■ **WORK INSTRUCTIONS**: When you reach the line with "帶子腸粉 SP Steamed Scallop Rice Noodle Roll" in the listing below, transcribe it and each line after it up to and including the line with "Stamford, Connecticut On-Campus", exactly and with nothing else.

■ **INPUT**:
--
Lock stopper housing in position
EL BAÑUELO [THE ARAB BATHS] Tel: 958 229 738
--
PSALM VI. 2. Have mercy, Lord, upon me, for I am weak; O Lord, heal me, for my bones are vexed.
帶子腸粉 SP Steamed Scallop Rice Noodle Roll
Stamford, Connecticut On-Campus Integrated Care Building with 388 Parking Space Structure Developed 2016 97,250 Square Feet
--
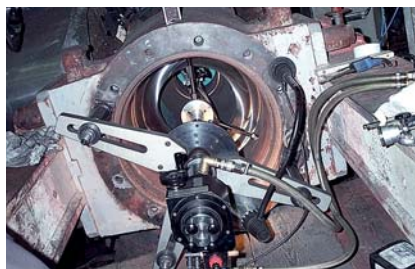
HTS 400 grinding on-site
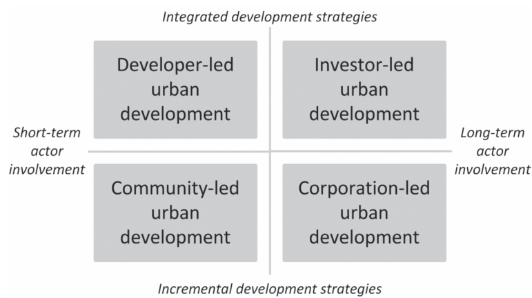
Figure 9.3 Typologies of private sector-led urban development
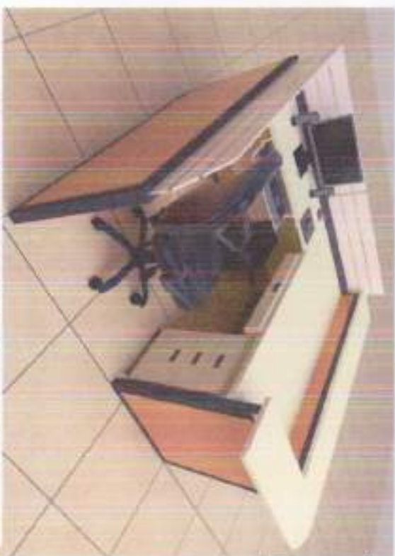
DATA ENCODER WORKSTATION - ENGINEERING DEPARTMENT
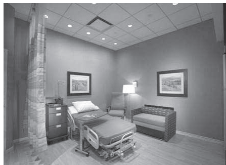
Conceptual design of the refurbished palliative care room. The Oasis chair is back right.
--
■ **FINISHED EXERCISE**:
帶子腸粉 SP Steamed Scallop Rice Noodle Roll
Stamford, Connecticut On-Campus Integrated Care Building with 388 Parking Space Structure Developed 2016 97,250 Square Feet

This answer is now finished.